Ask your partner something new about themselves. Even if you’ve been together for a decade, people evolve. Real listening means putting your phone down, turning your body toward your partner, and showing them they have your full attention. Expressing your needs is healthy; expressing them like you’re auditioning for Real Housewives of Chaos is not. Learn to communicate your needs clearly instead of expecting mind reading or passive-aggressive sighs. That means using your words—actual words—not just dramatic huffs and door slams.
- A good medical professional will understand that bringing up the topic feels vulnerable.
- Set aside time with your partner to invite intimacy and embrace it in whatever form takes shape.
- In a healthy romantic relationship, you ultimately feel like yourself with your beloved.
- After 3 months, acquaintances may continue to accumulate hours together, but this time does not appear to increase the chance of becoming casual friends.
What’s more, if you and a stranger find out you both don’t like someone, you’ll feel much closer to the stranger than if you found out you shared a positive opinion. Fighting fairly means that you maintain respect for one another and keep the focus on the issue, not on one another. When we feel upset, it can be hard to express ourselves without attacking our partner but this is crucial to maintaining a healthy relationship. Gottman found that there are 4 behaviors that are destructive to love including criticism, defensiveness, contempt and stonewalling. Becoming critical (or contemptuous) of our partner when we are upset is not fighting fairly. We must keep the focus on ourselves and share what we are feeling and what we need without attacking our partner.
Quitting Drinking Without Being Miserable – Anya’s Story
“I recommend that my clients practice active listening to their partners to do this,” says Anjula Mutanda, a couples therapist. A study conducted by Faye Doell identified two different types of listening, ‘listening to understand’ and ‘listening to respond’. According to her findings, those who “listen to understand” have greater satisfaction in their relationships. Psychologist Dr. John Gottman places a lot of importance on reunions for couples. He suggests that when you see your partner at the end of the day, share a hug and a kiss that lasts at least six seconds followed by a conversation about your day.

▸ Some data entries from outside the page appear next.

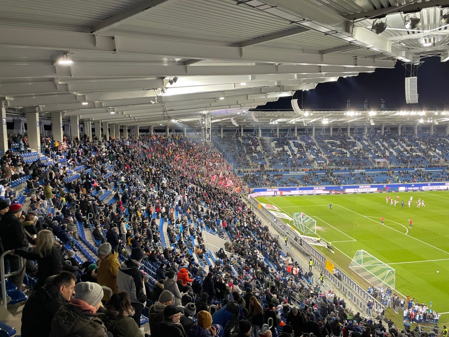 Dann ging es zu Fuß durch den Schlossgarten in Richtung Wildpark. Beleuchtung yok- aber die Menschenmassen strömten trotzdem entlang der Pfade! Das hatte schon etwas von Verschwörertum wie man im Pulk im Dunkeln zum Stadion lief. Mein letzter Besuch in Karlsruhe war während des Umbaus und sowohl äußerlich als auch innerlich hat sich das Stadion sehr verändert. Eigentlich sollte man sich für so etwas einen neuen Ground aufschreiben dürfen.
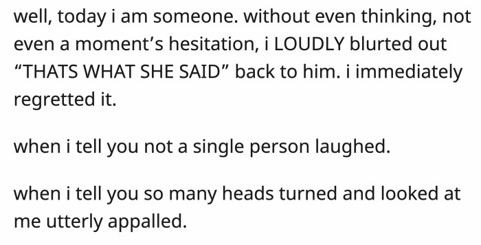 Cue OP, who didn't even think when she immediately yelled back, "THAT'S WHAT SHE SAID!" Her regret came as quickly as her witty retort.
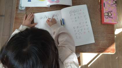 好きな動物の名前をノートの1番上に右から左へひらがな(カタカナ)で書きます。その動物の名前がわからないようにヒントになる文章をひらがな(カタカナ)の文字数分考えています。
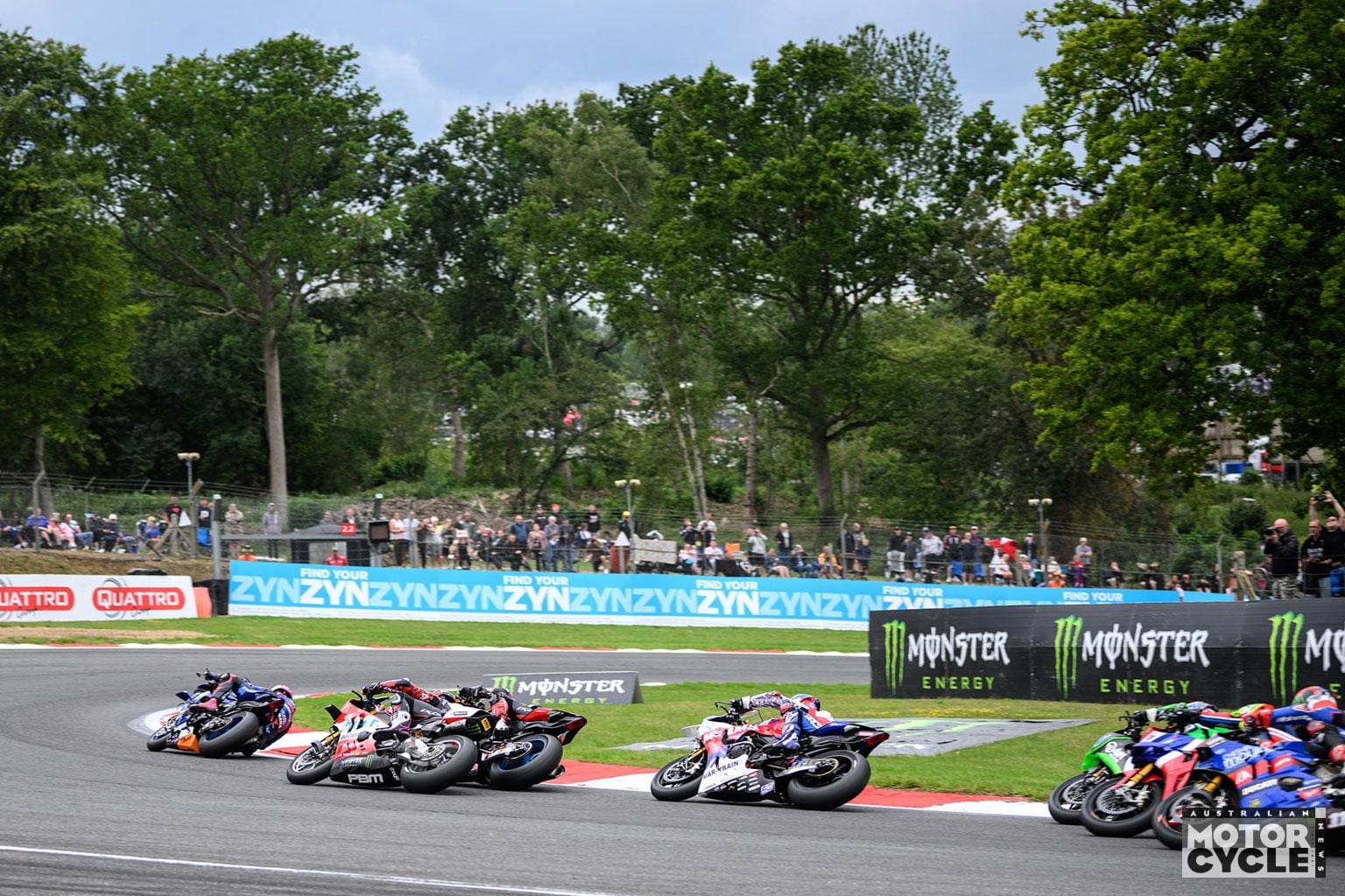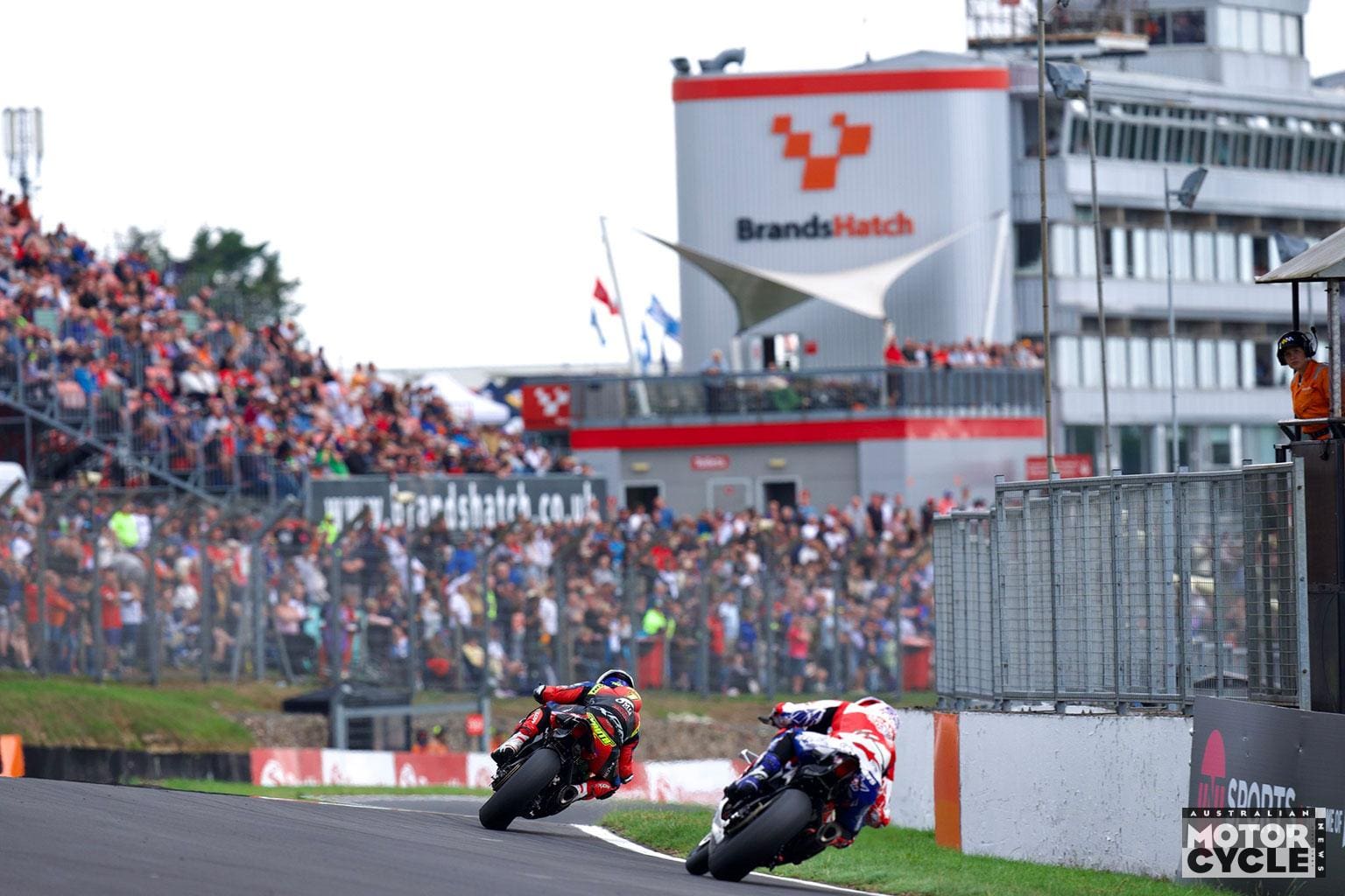 A heavy crash for Lee Jackson brought the field under Safety Car conditions again. When the race resumed, Kent struck immediately, diving past Ray at Paddock Hill Bend. Ryde followed through with a move of his own to take second and soon began a fierce scrap with Kent for the lead. The McAMS Yamaha rider regained the advantage momentarily with a move at Paddock Hill, but Ryde responded at Druids a lap later.
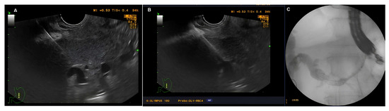 - Giovannini, M.; Dotti, M.; Bories, E.; Moutardier, V.; Pesenti, C.; Danisi, C.; Delpero, J. Hepaticogastrostomy by Echo-Endoscopy as a Palliative Treatment in a Patient with Metastatic Biliary Obstruction. Endoscopy 2003, 35, 1076–1078. [Google Scholar] [CrossRef]
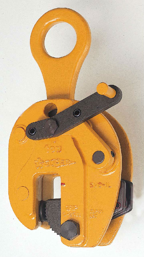 日本世霸SVC-L型立吊夾具帶有彈簧型鎖結構,無繩索無負荷時,夾口也在緊閉;帶有遠隔操作桿,在高處也能裝卸吊上荷重,鋏背則比例地增強鋏力耐久。

Aim for at least 150 minutes of moderate cardio per week, plus two days of strength training and some exercise that can improve mobility and flexibility, like yoga or Pilates. Also, incorporate more non-exercise movement into your day—like walking and chores—to stay continuously active. That’s better than one intense hour at the gym followed by 12 hours of being sedentary, says Dr. Fein. Learn more about how we ensure our content is accurate, thorough, and unbiased by reading our editorial guidelines. Any position that feels comfortable (pain-free) and enjoyable for you and your partner is a good one.

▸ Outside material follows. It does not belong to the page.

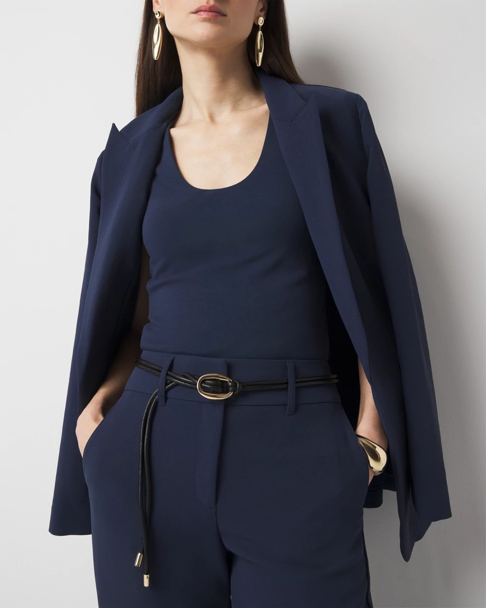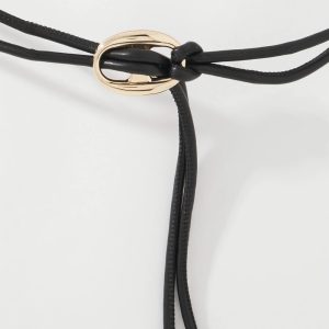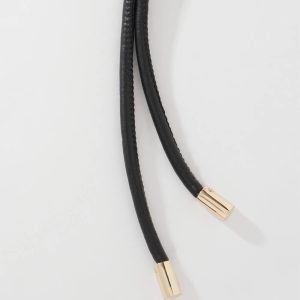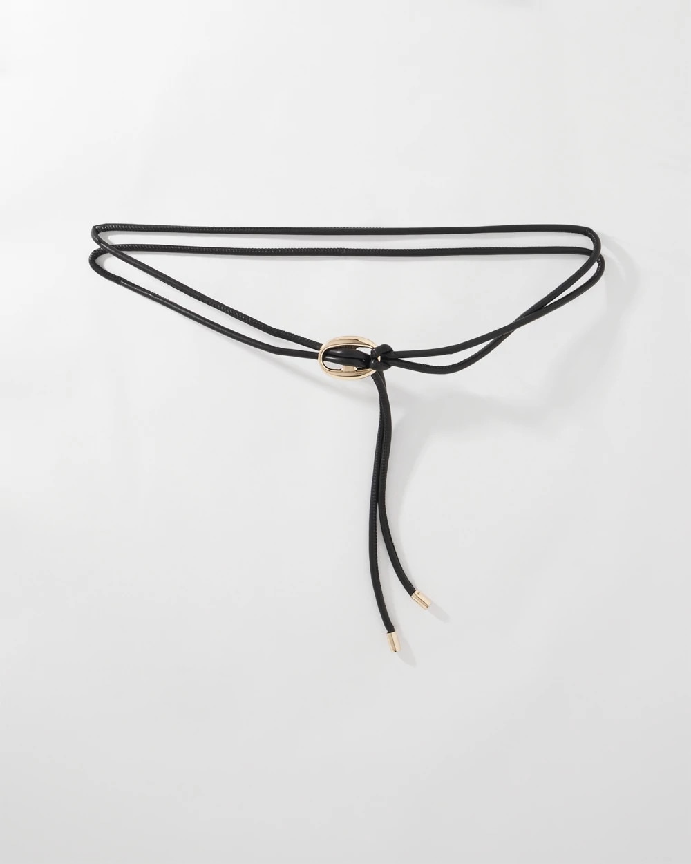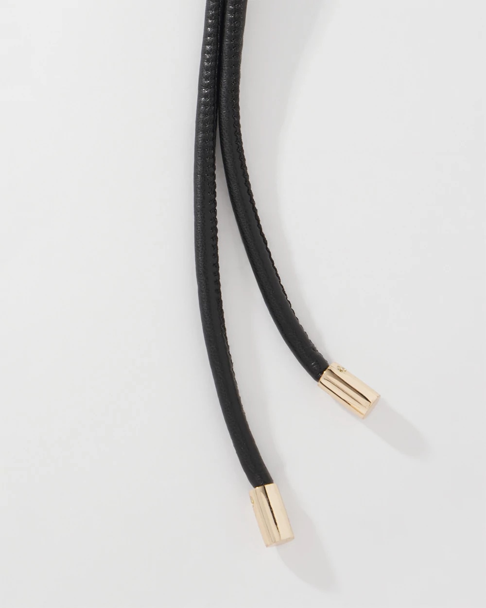 This faux leather obi belt self-ties, so you can style it as you wish. The black ties thread through a gold Mariner Link charm, a subtle nod to the on-trend nautical theme. The cord ends are also finished in gold. Pair it with other pieces in our Mariner Links Collection that includes jewelry and a sandal.
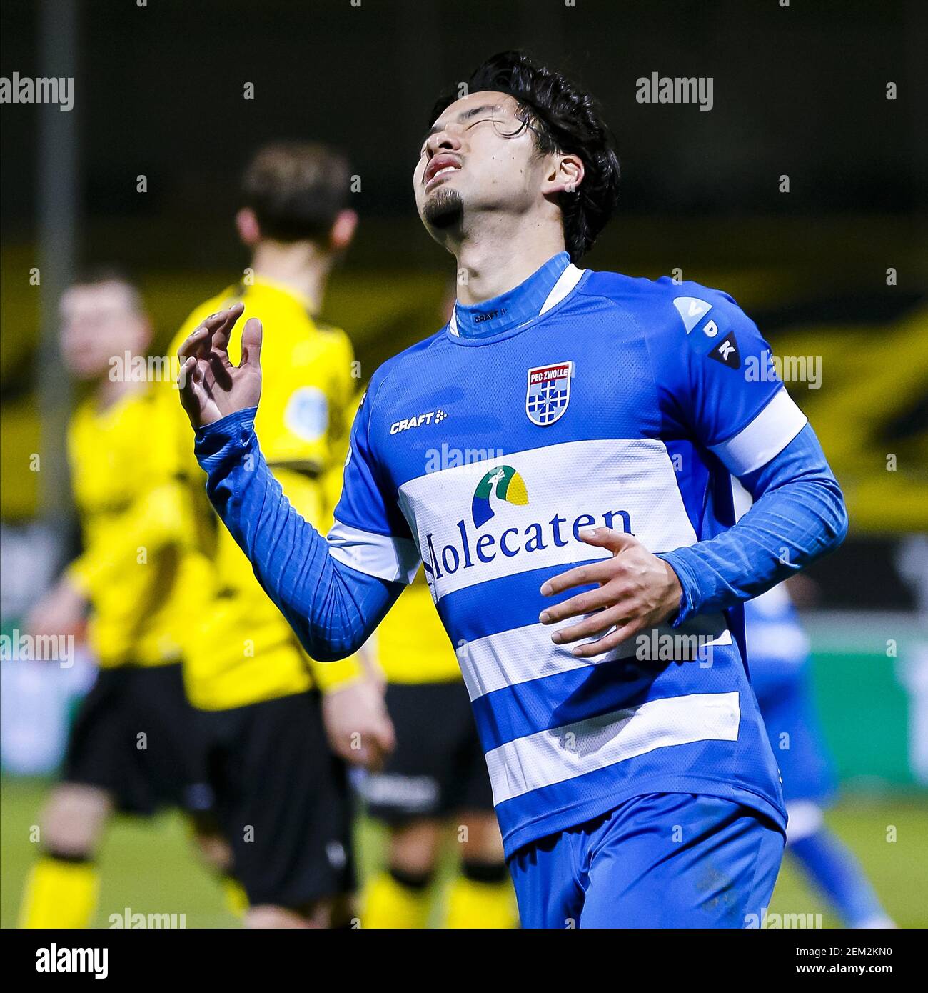 Venlo Netherlands 30 01 2022 Football Keuken Kampioen Divisie Season 2021 2022 During The Match Vvv Dordrecht Vvv Venlo Player Rayan El Azrak Scores The 2 0 And Celebrating The Goal Photo

Find Mild Negative Or Strong Positive Opinions In Common
If you’re looking to make changes in your sex life, there are things you can do. Try experimenting with your partner — or on your own — to find new ways of being intimate. Tools like pillows, positioners, or even sex toys can also be an enjoyable way to explore. Erectile dysfunction is more than three times as common in men with diabetes compared to those without it.
Express Gratitude Daily
“My advice is to set aside 10 minutes a day to talk together about anything under the sun except kids, work, household tasks, or your relationship! You can talk about sports, movies, articles you’ve read, where you would like to travel to if you won the lottery, or what superhero power you wish you had. The point is you’re making room to get to know your partner again,” she says. Use these three tips to create experiences that help you get closer to someone as a friend or partner. The second part of the study has great news for all the busy folks out there.

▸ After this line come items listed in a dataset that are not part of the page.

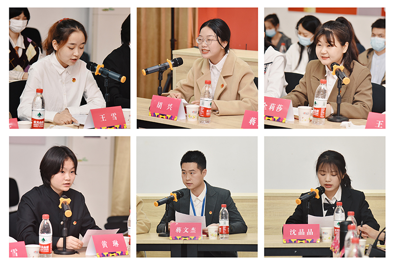 “作为新时代青年学子,要以“勤学”为本,以“善思”为根,以“笃行”为志,在实干中释放青春激情,为国家、为人民、为社会贡献自己的力量。”座谈会上,学生代表满怀激情,结合自身学习、生活实际积极踊跃发言,现场气氛热烈。“作为一名大二的学生,通过参加疫情防控、乡村振兴调研等志愿服务,深刻理解了当代青年的责任担当。”“我曾经是中国人民武装警察部队中的一员,曾在国旗与军旗下庄严宣誓:‘永远做党和人民的忠诚卫士。’虽然我已退役复学,但心中的那份信念却从未退却。”学生代表王雪、全莉莎、胡兴、黄琳、沈晶晶、蒋文杰等围绕新时代青年学子的理想、奋斗、担当等方面纷纷畅谈学习心得和成长收获。
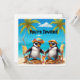 Esses adoráveis pinguins estão apenas relaxando na praia, prontos para festejar com você. Cores alegres e brilhantes, design detalhado em estilo cartoon torna um tema especial para qualquer ocasião especial. Aniversários, aposentadoria, aniversário de casamento, anúncios de nascimento de gêmeos, você vai gostar de usar os produtos da Festa de Pinguins.
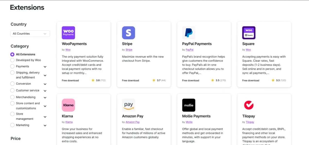 With WooCommerce, flexibility comes standard: The WordPress plugin repository has more than 54,000 options that help with everything from design to functionality and marketing. WooCommerce stores can access an additional extension marketplace with over 800 add-ons built specifically for ecommerce.
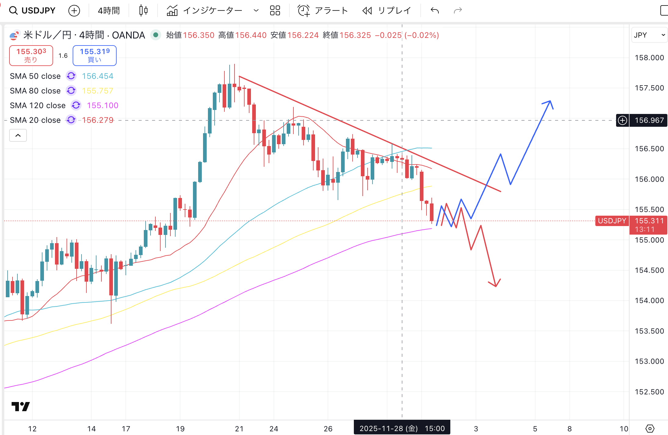 今ドル円は下がっていて、これから下がるのか?というシーンに見えていると思います。
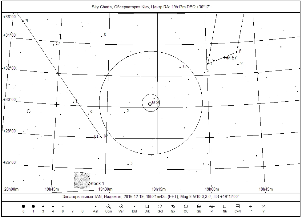 Визуальные карты требуются для приблизительного наведения на объект и основным ориентиром могут быть только яркие звёзды. Посмотри на пример 55-градусной карты для M52.
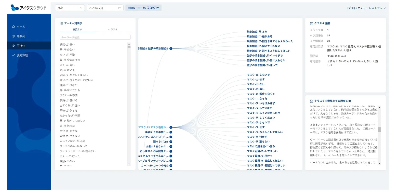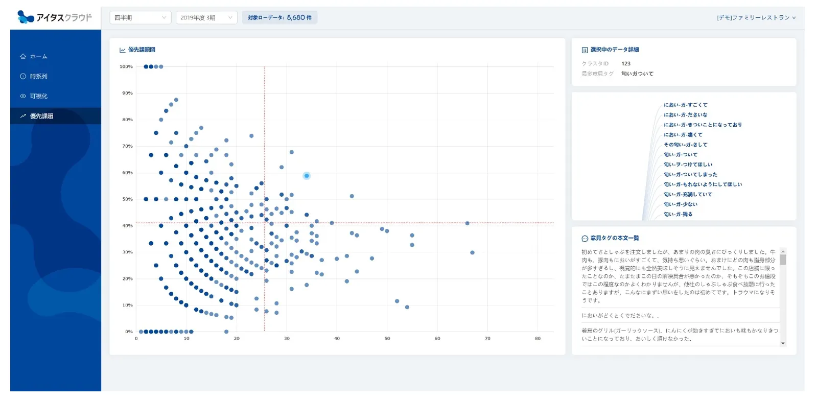 「アイタスクラウド」は最先端の自然言語処理技術を用いた文章解析AI「アイタス」をエンジンとするデータ解析ダッシュボードであり、VOCを可視化するだけでなく、独自のフレームワークにより優先課題を明らかにすることで課題解決のヒントを見つけ、打ち手に繋げることができる業務支援ツールです。
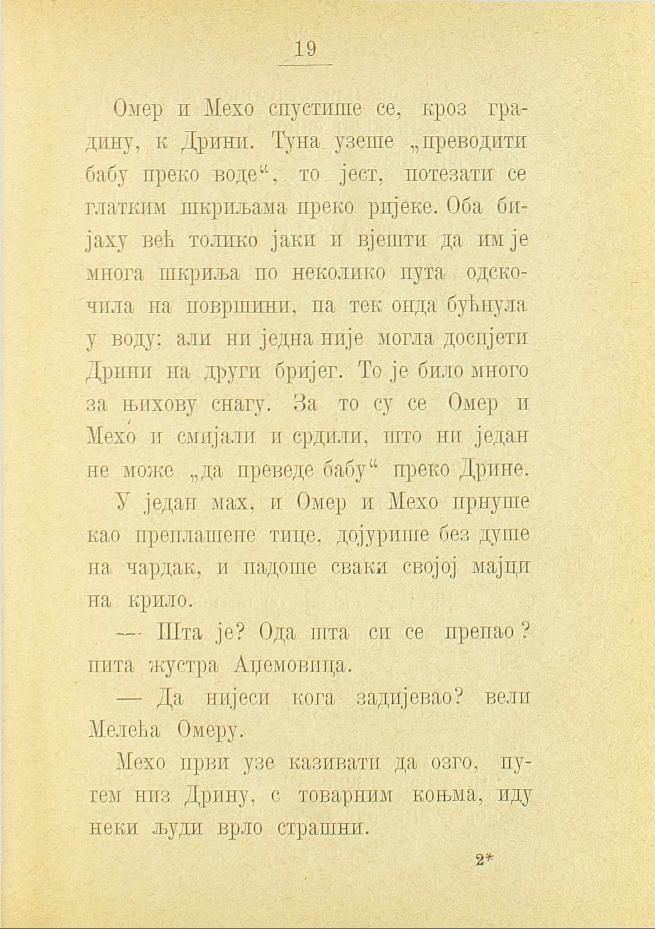 Омер и Мехо спустише се, кроз градину, к Дрини. Туна узеше „преводити бабу преко воде“, то јест, потезати се глатким шкрињама преко ријеке. Оба бијаху већ толико јаки и вјешти да им је многа шкриља по неколико пута одскочила на површини, па тек онда бућнула у воду; али ни једна није могла доспјети Дрини на други бријег. То је било много за њихову снагу. На то су се Омер и Мехо и смијали и срдили, што ни један не може „да преведе бабу“ преко Дрине.

It’s not always easy, because I enjoy being right, but listening and compromising will make your relationship stronger. Some of the best moments I’ve had with people are when we laugh so hard we start to cry. Sharing jokes, funny moments, and playful memories keeps your relationship fun and lighthearted. Having fun together can help you stay connected and remind you why you fell in love in the first place. When your partner upsets or irritates you, it’s important to discuss this immediately and work through it together. Kimberly Panganiban is a Licensed Marriage & Family Therapist with a private practice in San Diego, CA.
Here are key insights on mending and enriching relationships. Discover practical tips on rebuilding connections, enhancing communication, and strengthening your bond with your partner through these frequently asked questions. It’s important to open up and communicate with your partner. This will help you build trust and understanding between the both of you. If you’re having problems communicating, it’s a good idea to try meeting face-to-face and having a conversation where you both get to talk. Establishing common objectives with your partner can deepen your connection and provide a sense of shared purpose.
Being emotionally open—even when it feels silly—fosters closeness and emotional safety. But “You were so patient with your mom today” hits harder. Compliment their actions, effort, or emotional intelligence.
One way this can be achieved is by taking turns being the Speaker and the Listener. This will give you both time to share and will allow you both to have a turn practicing your active listening skills. Once you both feel heard and understood, you can move into compromise from a place of teamwork. If people do not feel heard, they get stuck in the conversation and will have difficulty moving forward.
You can understand where your partner is coming from and what they are feeling without agreeing. How we communicate with our partner greatly determines the course of Best Dates our relationship. Healthy communication skills are a necessity to a happy, stable and loving relationship.